I expected the dow to go upto 10,351 if 10,190 was taken out and on the lower side 10050. However, both targets missed by just 20 odd points.
The upside target achieved and breached. Now I expect a down move to retest maybe 10,050-10,120 levels before the next leg up to make a higher high and lower low on the dow. My concern is that the rally has been on thin volumes atleast on the dow.
Commodities have started to rally oil has even breached the previous high it made on 5th may after the bail out announcement. Copper is still lagging but getting there.
AUS USD a measure of risk has been going up, EUR USD has been moving up. However the cause of concern is the volumes.
Nifty now has entered in a zone where it is fundamentally one of the most expensive markets in the world. A P/E of around 22 with a book value of 3.76 and a dividend yield of 0.98% this is alarming. As everytime historically when P/E breaches 23 and dividend yield on index falls below 0.9% we witness a correction. So a maximum upside to 5400-5500 level makes market extremely expensive and very risky however, this doesn't mean that we cant rally further. This expensive indicator signalled bearish on nifty last time on 27th Nov 2007 and remained bearish for the entire rally uptil 6000 on nifty till 8th Jan from where we started falling and correction came. However, the market became very cheap on 27th october 2008. I have used this tool on historical data and it has been able to predict a top or bottom in the market with considerable accuracy with a downside risk of maybe 5-7%.
However, if the global markets keep rallying nifty will rally too whether it is expensive or cheap it will follow the global trend. The best bet would be to look for fundamentally cheap stocks also showing some technical rebound now. That is my aim.
So according to the P/E valuation system and dividend yield when it falls below 0.95% or less than 1. I got first correction major one on nifty in the current bull market on 16th and17th October.
The second one was from 24th December up until 20th Jan it indicated markets were extremely expensive.

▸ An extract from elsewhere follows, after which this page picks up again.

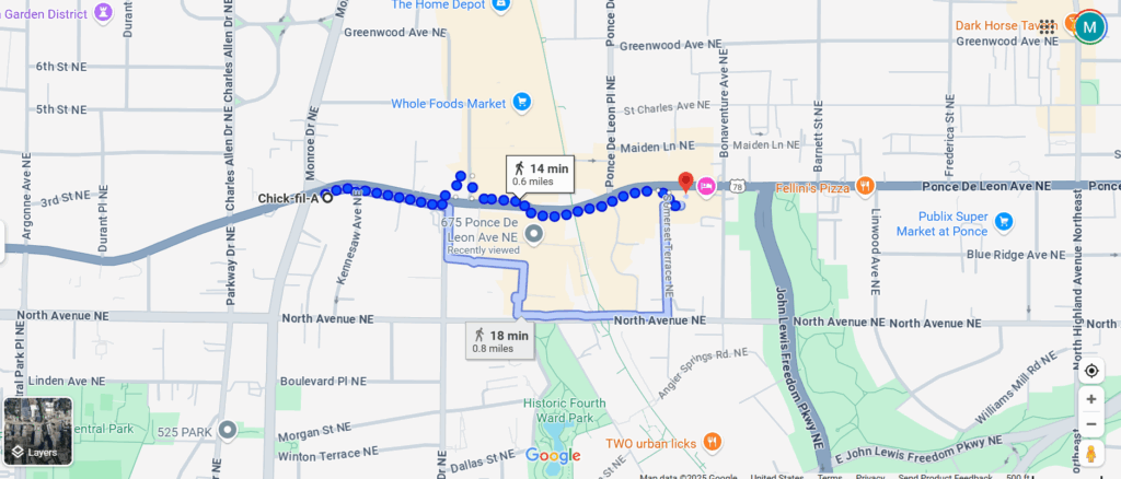 Atlanta, Georgia – Atlanta, the city that brought the world Coca-Cola, lemon pepper wings, and an astonishing number of streets named “Peachtree,” has done it again. This time with a poultry-powered punchline: two Chick-fil-As, standing just three blocks apart, clucking proudly at 689 Boulevard NE and 777 Ponce de Leon Ave NE; only a short 14 minute walk away from each other.
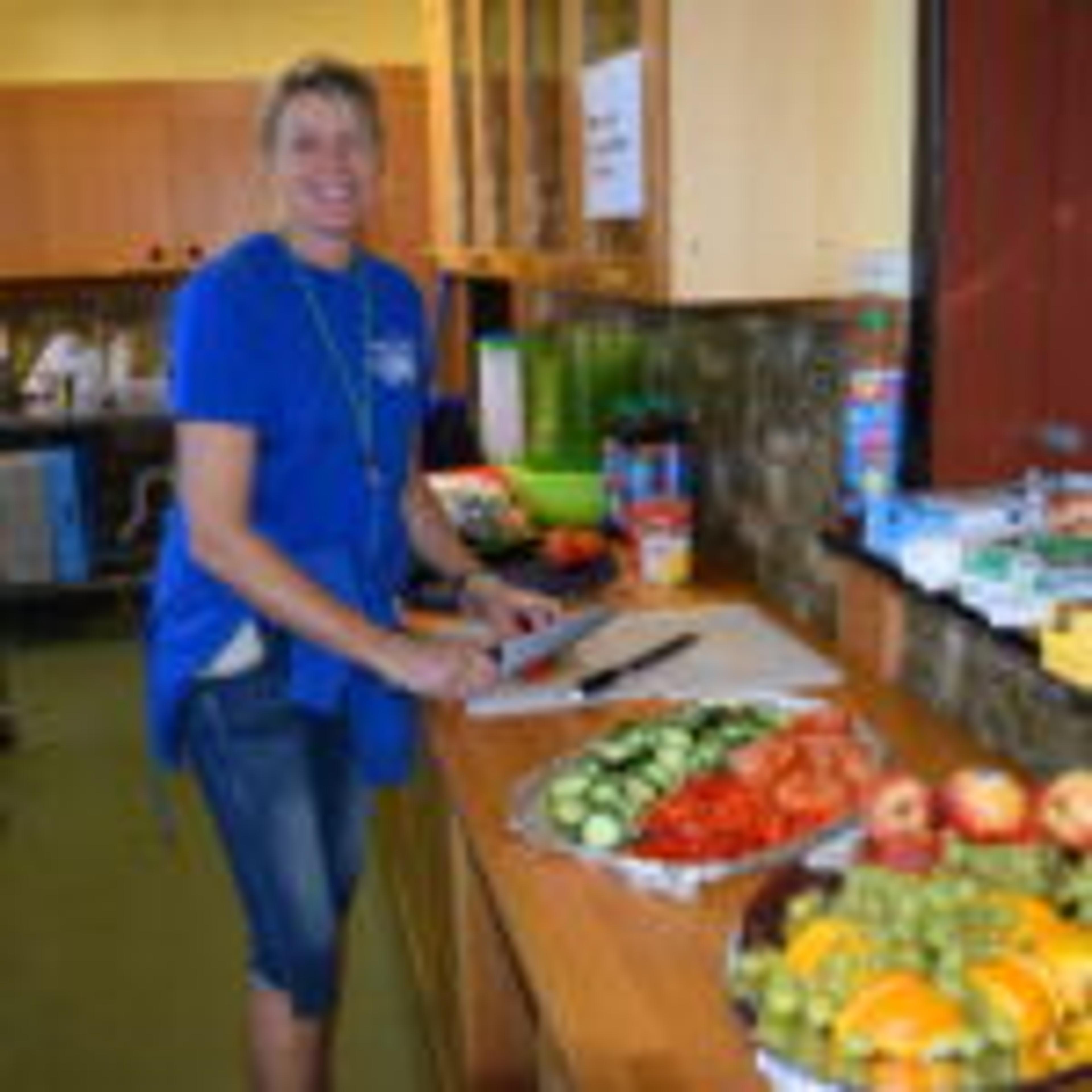 MATSJEFEN: Hanne Sjue fra Sjue gård i Vassås sørger her for frisk frukt og grønnsaker til deltakere. Foto: Håkon Westby.

Then again from 17th March until 3rd May markets became very expensive.
Now again markets are entering that zone where earnings don't support the nifty price. But it doesnt mean current rally cant go on it can because it is based on sentiments. For the bull market to go longer I would expect a correction in it not now but soon before the begining of next year or early next year. A correction of maybe 30%. That would bring the P/Es and Book values down.
This is just a fundamental view. As American market is very cheap fundamentally and can rally a long way.
Australia, India, Japan, Brazil, Russia are worlds most expensive markets relatively.
Also if dow holds the current level of 10,350 for couple of days next target would be 10,700 which I expected to achieve in early july hence i believe, there might be a leg down still.
Nifty is looking bullish and is rallying continuously for past week and a half.
My only concern is the last 2 bars on the nifty the volumes are huge compared to previous day but he spread is very low. This maybe a sign of distribution. If nifty would have been in a down trend a complete opposite bar signals absorption but here it looks to me more like distribution. This is just my view and I maybe wrong. Distribution can takes months so markets can still rally. I just believe there is more bang for the buck and value in other stock markets such as China, Brazil, USA, UK, etc than in India compared to earnings potential. Economic growth wise and long term India is and will be one of the safest countries to invest long term though.